Biking injuries can be traumatic accidents or chronic injuries developing gradually from technique, training, or equipment errors. This article focuses on preventable chronic injuries and off-bike conditioning strategies.
Three Main Problems
Problem #1: Muscular Imbalances from Sitting
The riding position mirrors desk posture, creating tight hip flexors, dominant quadriceps, and weak glutes. This imbalance commonly causes patellofemoral pain syndrome (knee pain).
Solution: Optimise bike fit and consider work-station ergonomics.

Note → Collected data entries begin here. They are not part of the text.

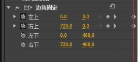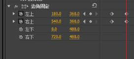 10、并设置右上和右下的关键帧。将时间标尺放在00:00:03:00处,边角固定的参数设置如图10。
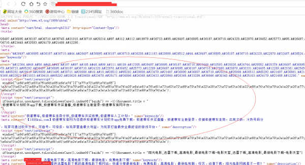 下面的这一段代码是加密的JS跳转代码,是根据百度搜索等相应的条件,进行判断,然后跳转,直接输入网站域名不会跳转。
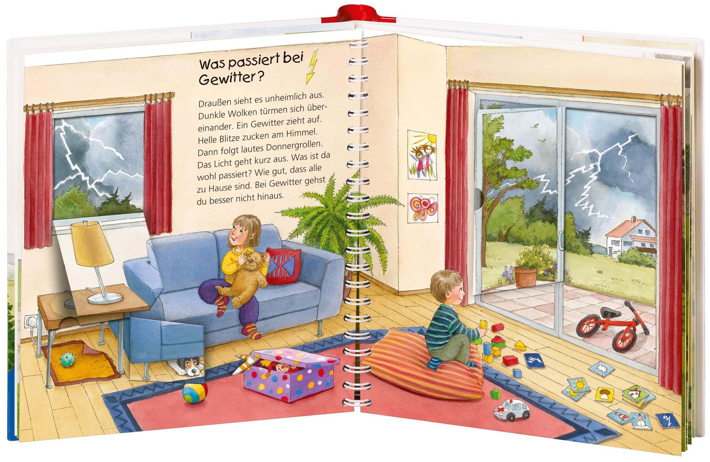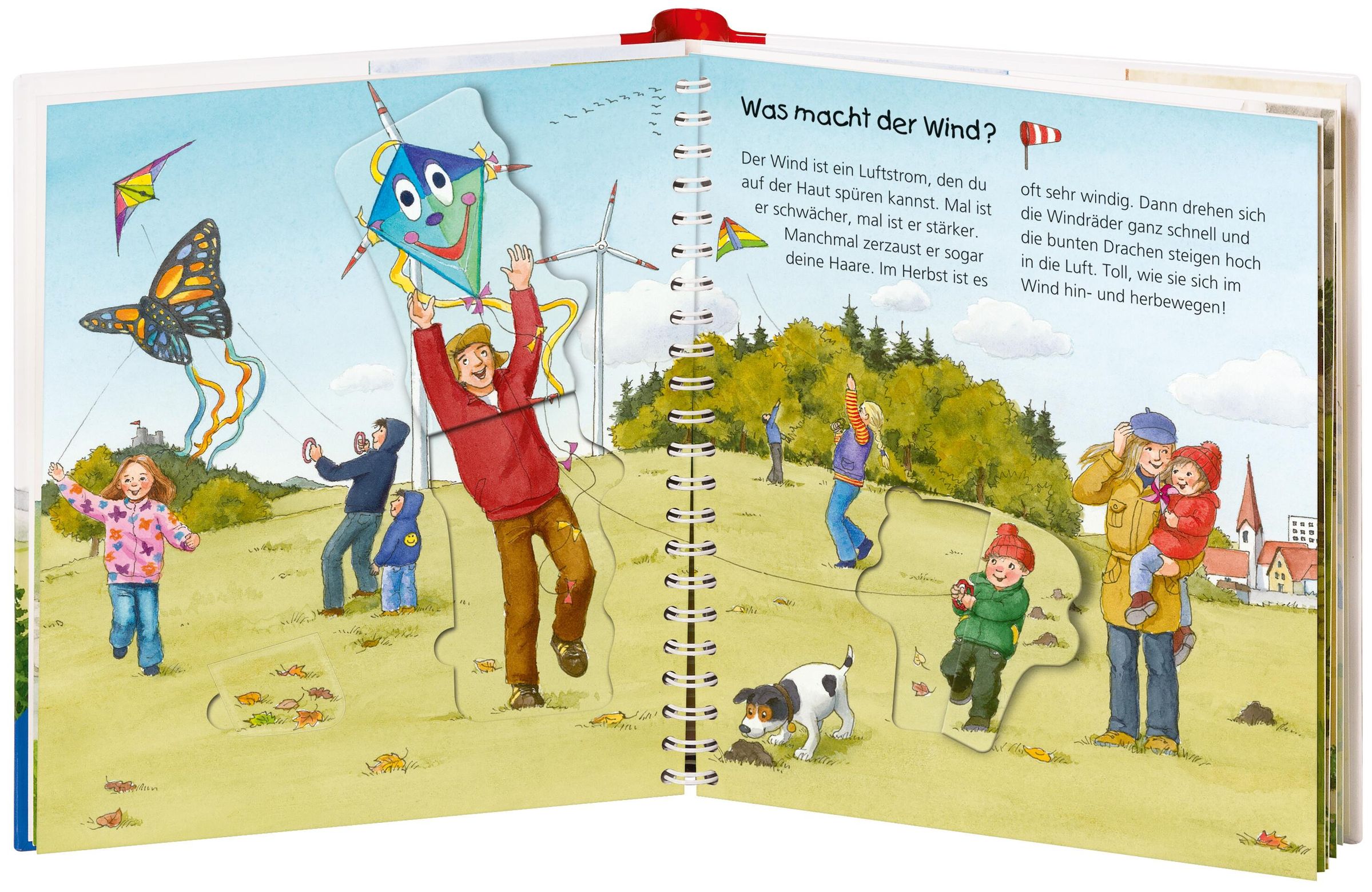 Wieso schneit es im Winter? Was ist Nebel? Wann gibt es einen Regenbogen? Mit diesem Buch lernen Kinder von 2-4 Jahren spielerisch die verschiedenen Wetterphänomene kennen. Anhand großer Bewegungsklappen schauen sie den Wolken beim Vorbeiziehen zu, springen in Pfützen und beobachten, wie ein Gewitter aufzieht. Zugleich finden sich im Buch tolle Ideen für Aktivitäten an Regen-, Wind- und Sonnentagen. Eine Drehscheibenspiel und lustige Wetterreime laden die Kinder zum aktiven Mitmachen ein.
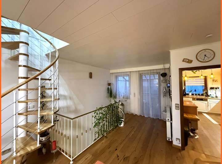 Das wohnlich ausgebaute Dachstudio erreichen Sie über eine Wendeltreppe und ist in der Wohnfläche nicht enthalten.
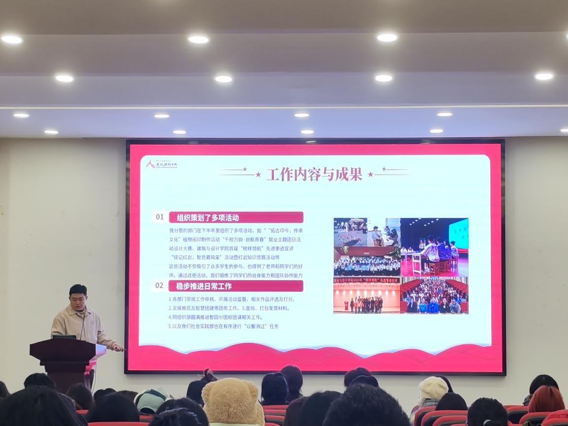 2025年1月3日,建筑与设计学院团总支、学生会2024-2025学年秋期述职大会在雕塑园报告厅顺利举行。此次大会旨在总结本学期团总支、学生会工作成果,分享经验,促进各部门间的交流与协作。建筑与设计学院党总支书记唐湘晖、团总支书记王珍妮参加了本次会议。
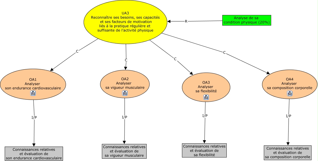 This Concept Map, created with IHMC CmapTools, has information related to: UA3, UA3 Reconnaître ses besoins, ses capacités et ses facteurs de motivation liés à la pratique régulière et suffisante de l’activité physique C OA2 Analyser sa vigueur musculaire, OA3 Analyser sa flexibilité I/P Connaissances relatives et évaluation de sa flexibilité, UA3 Reconnaître ses besoins, ses capacités et ses facteurs de motivation liés à la pratique régulière et suffisante de l’activité physique C OA1 Analyser son endurance cardiovasculaire, UA3 Reconnaître ses besoins, ses capacités et ses facteurs de motivation liés à la pratique régulière et suffisante de l’activité physique C OA4 Analyser sa composition corporelle, OA4 Analyser sa composition corporelle I/P Connaissances relatives et évaluation de sa composition corporelle, Analyse de sa condition physique (20%) R UA3 Reconnaître ses besoins, ses capacités et ses facteurs de motivation liés à la pratique régulière et suffisante de l’activité physique, OA2 Analyser sa vigueur musculaire I/P Connaissances relatives et évaluation de sa vigueur musculaire, OA1 Analyser son endurance cardiovasculaire I/P Connaissances relatives et évaluation de son endurance cardiovasculaire, UA3 Reconnaître ses besoins, ses capacités et ses facteurs de motivation liés à la pratique régulière et suffisante de l’activité physique C OA3 Analyser sa flexibilité
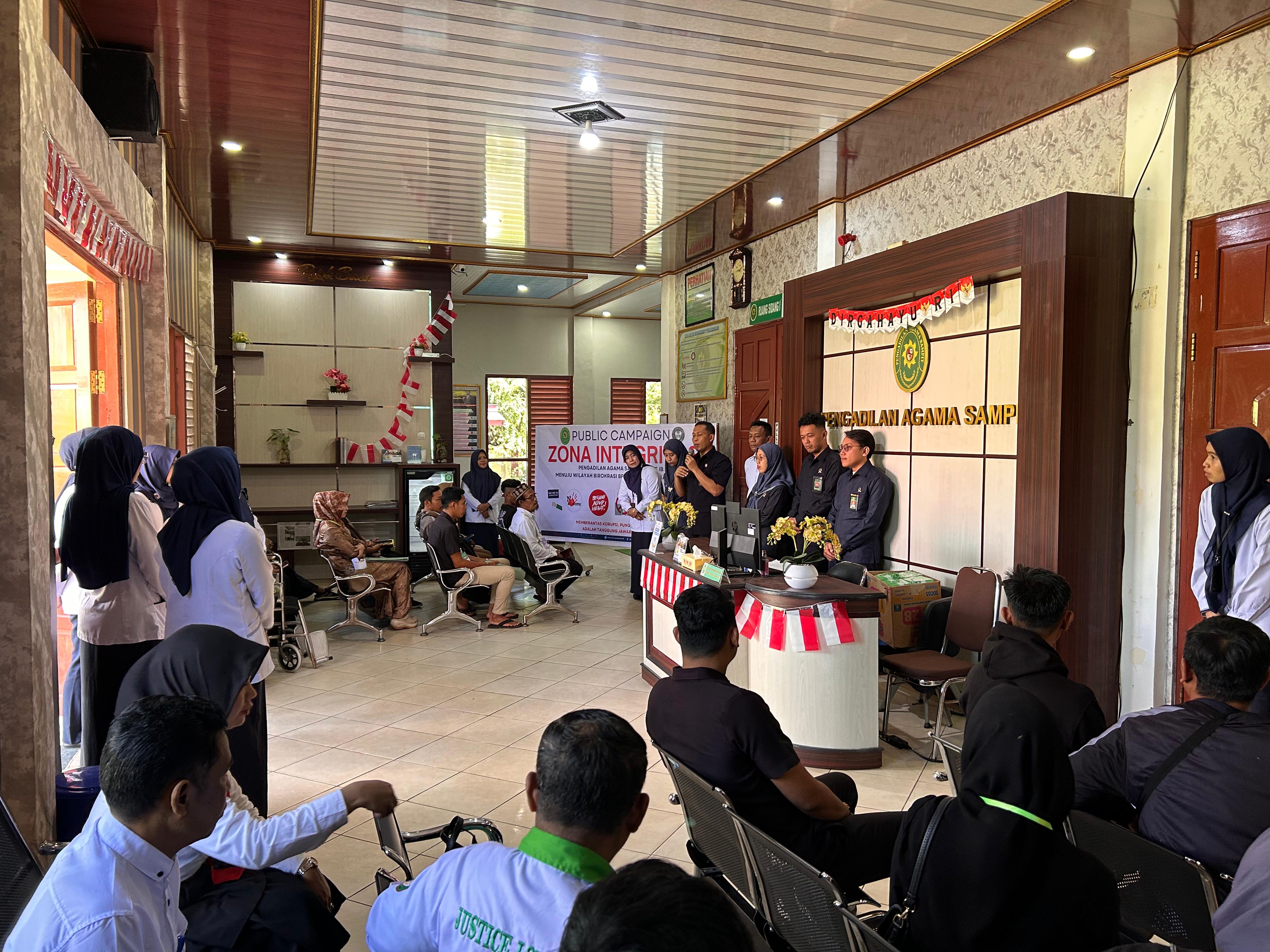Pengadilan Agama Sampit kembali melaksanakan public campaign pembangunan zona integritas Menuju Wilayah Birokrasi Bersih dan Melayani (WBBM). Kegiatan ini dilaksanakan pada hari Senin, 11 Agustus 2025 bertempat di salah satu area pelayanan yaitu Ruang Tunggu Sidang Pengadilan Agama Sampit. Seluruh aparatur Pengadilan Agama Sampit dari pimpinan, hakim, Pejabat Fungsional, Pejabat Struktural, Staf Pelaksana, CPNS, PPNPN, Honorer dan siswa PKL turun langsung dalam kegiatan ini.
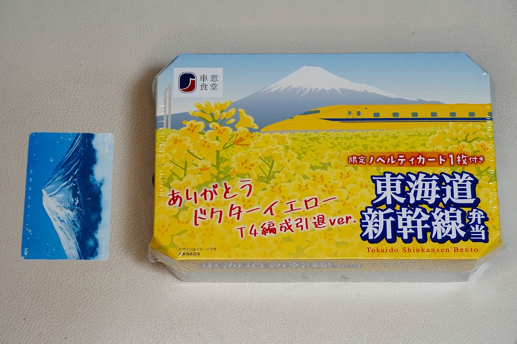 この駅弁は普段の「東海道新幹線弁当」について、あさり御飯の詰め方を変えて、錦糸卵と菜の花と焼きアナゴ煮で覆い、新幹線電車の絵柄のフィルムを貼ることで、ドクターイエローが菜の花をバックに走行している様子を描いた。ふたの絵柄もそれにちなみ、ノベルティカード全4種のうち1枚を添付した。中身はこれ以外に、味噌カツとエビフラと薩摩揚げ、煮物の数々にニシン昆布巻。ふたの裏面には立派なカラーの走行写真を掲載し、視覚でドクターイエローづくしの弁当になった。
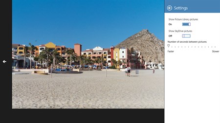 When not using your tablet turn it into a digital picture frame with Photo View. Photo View displays pictures from your local picture library or from Microsoft SkyDrive. Photo View displays additional information such as location, camera used and date taken if available.
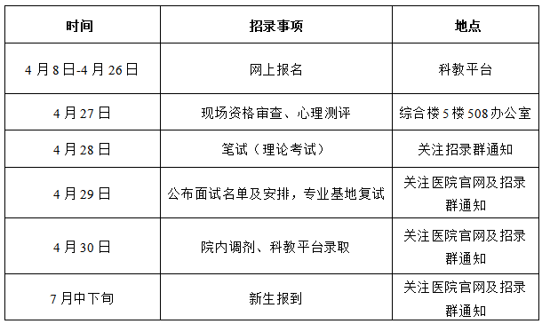 招收信息将在医院官网发布,考核具体安排将在招录QQ群通知,敬请关注。
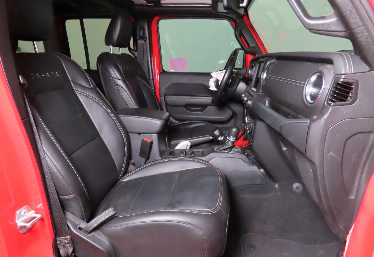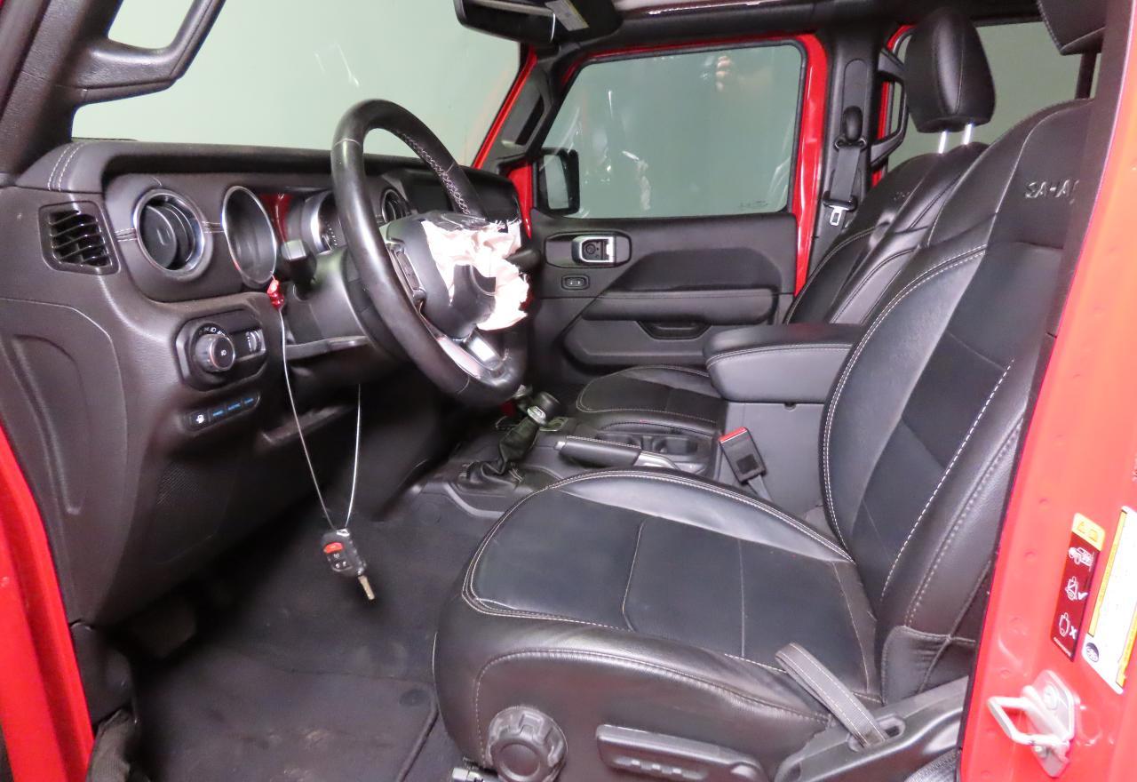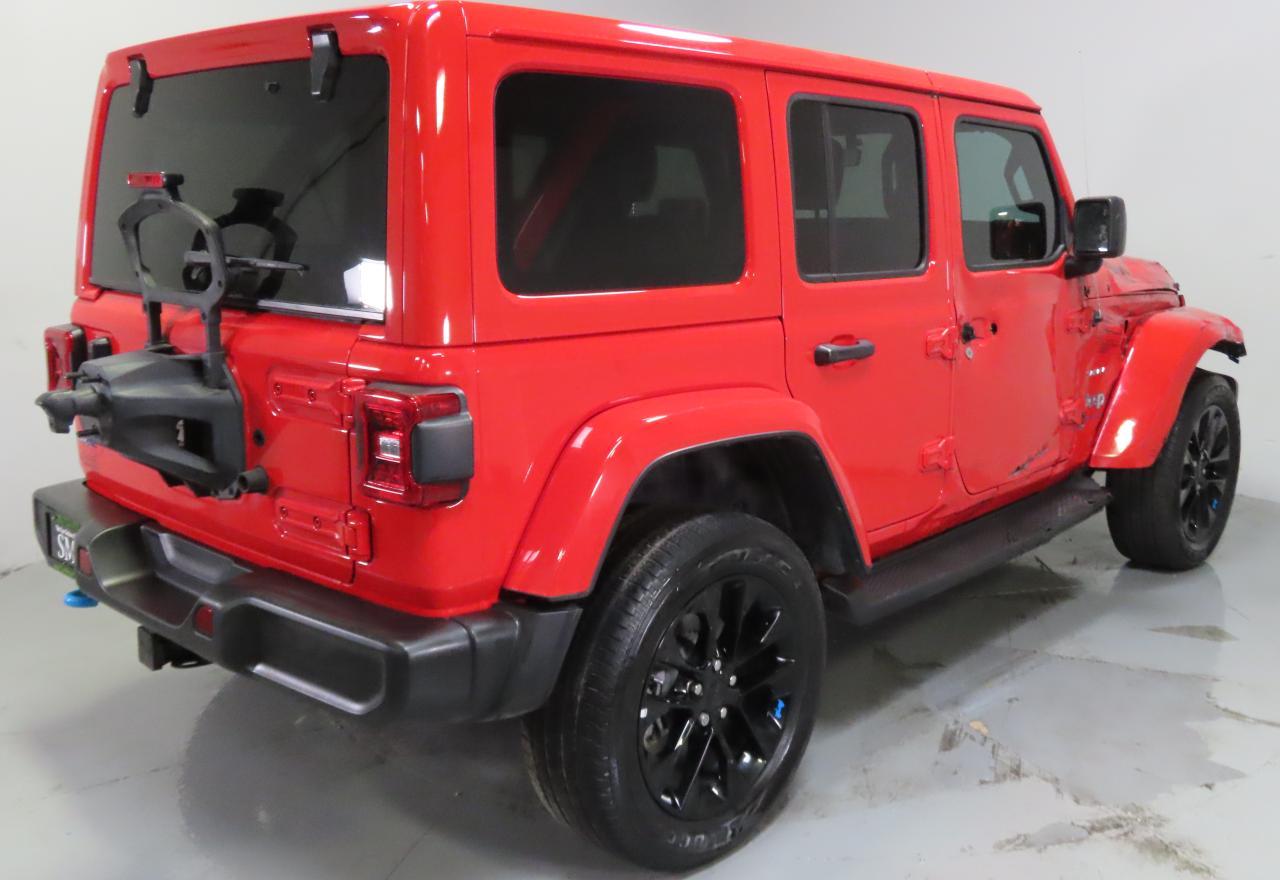 FairThe JEEP WRANGLER SAHARA 4XE 2023 is red. The primary damage is all over the body. Secondary damage is not visible. The car has visible damage to the front, including the front bumper, fender, and hood. The wheels, lights, and glasses appear to be in good condition. The interior shows signs of use but appears to be in decent shape, with no immediate airbag deployment. The car has 33785 miles.
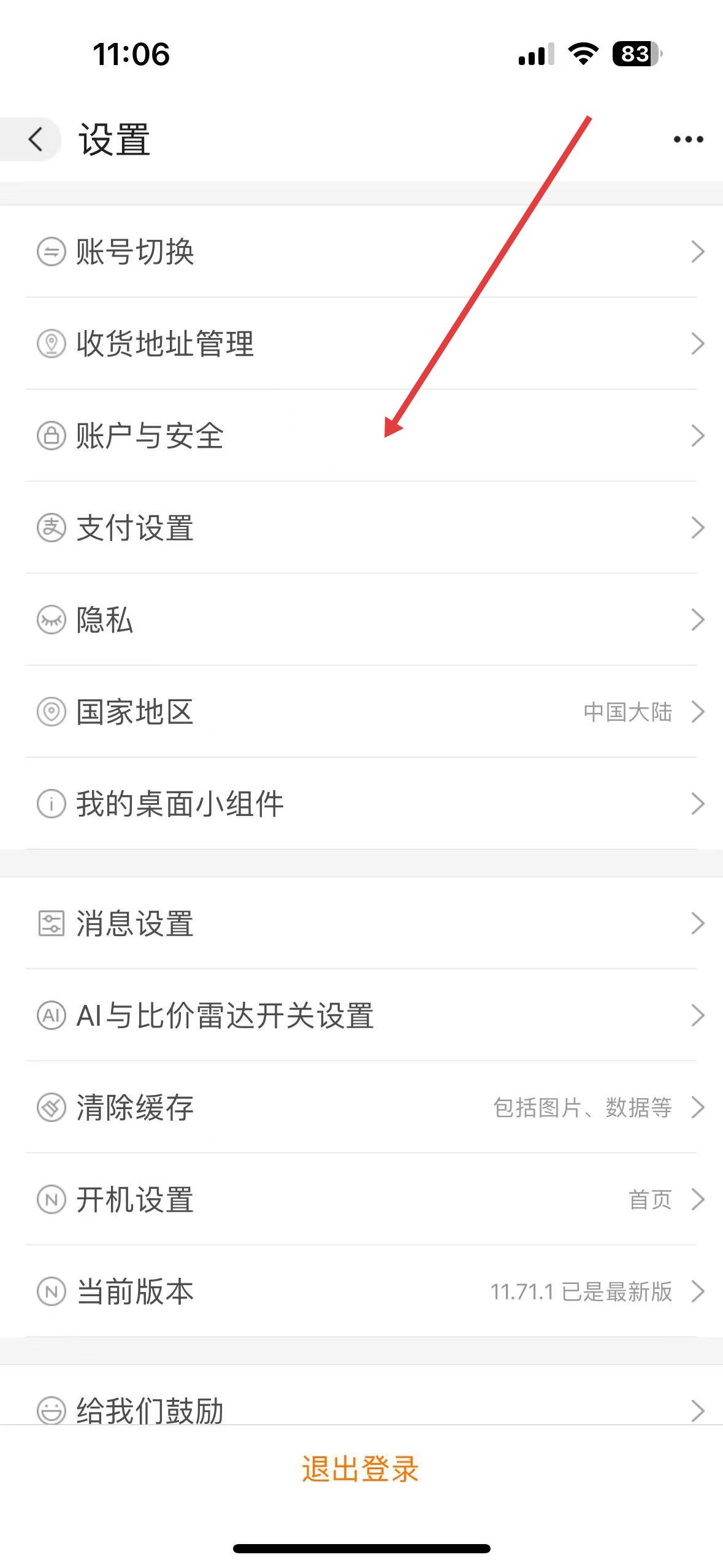 1、設(shè)置頁(yè)中,賬戶與安全是管理賬號(hào)安全的入口,點(diǎn)擊可進(jìn)入修改綁定信息、注銷(xiāo)賬號(hào)等界面。

Problem #2: Core Weakness Leading to Lower Back Pain
Insufficient core function prevents dynamic control of the spine and pelvis during cycling. When core muscles fail, hip flexors and back extensors are burdened with a task they weren't designed for, creating tension-type lower back pain.
Problem #3: Upper Back and Neck Pain
Poor thoracic spine mobility and inadequate shoulder blade stability cause upper back discomfort. Fatigue leads the body to recruit compensatory muscles (pecs, upper trapezius, neck extensors), resulting in pain.
Essential Off-Bike Exercise Toolbox
Stretches
- Side-lying quad stretch (1 minute per side)
- Foam roll quads
- Pec stretch on foam roller (2-3 minutes)
- Thoracic mobility work
Strengthening Exercises
- Toe taps (core activation, 2-3 sets)
- Superman/bird dog variations (progressive difficulty)
- Plank/downward dog (core and shoulder stability)
- Lunges (dynamic hip flexor/quad stretch, 2-3 sets of 15-20 reps)
Key Takeaway
Cross-training prevents nagging injuries and can reduce crash severity by increasing bone strength and joint stability. We recommend performing these exercises three times weekly to maintain balance and prevent chronic pain.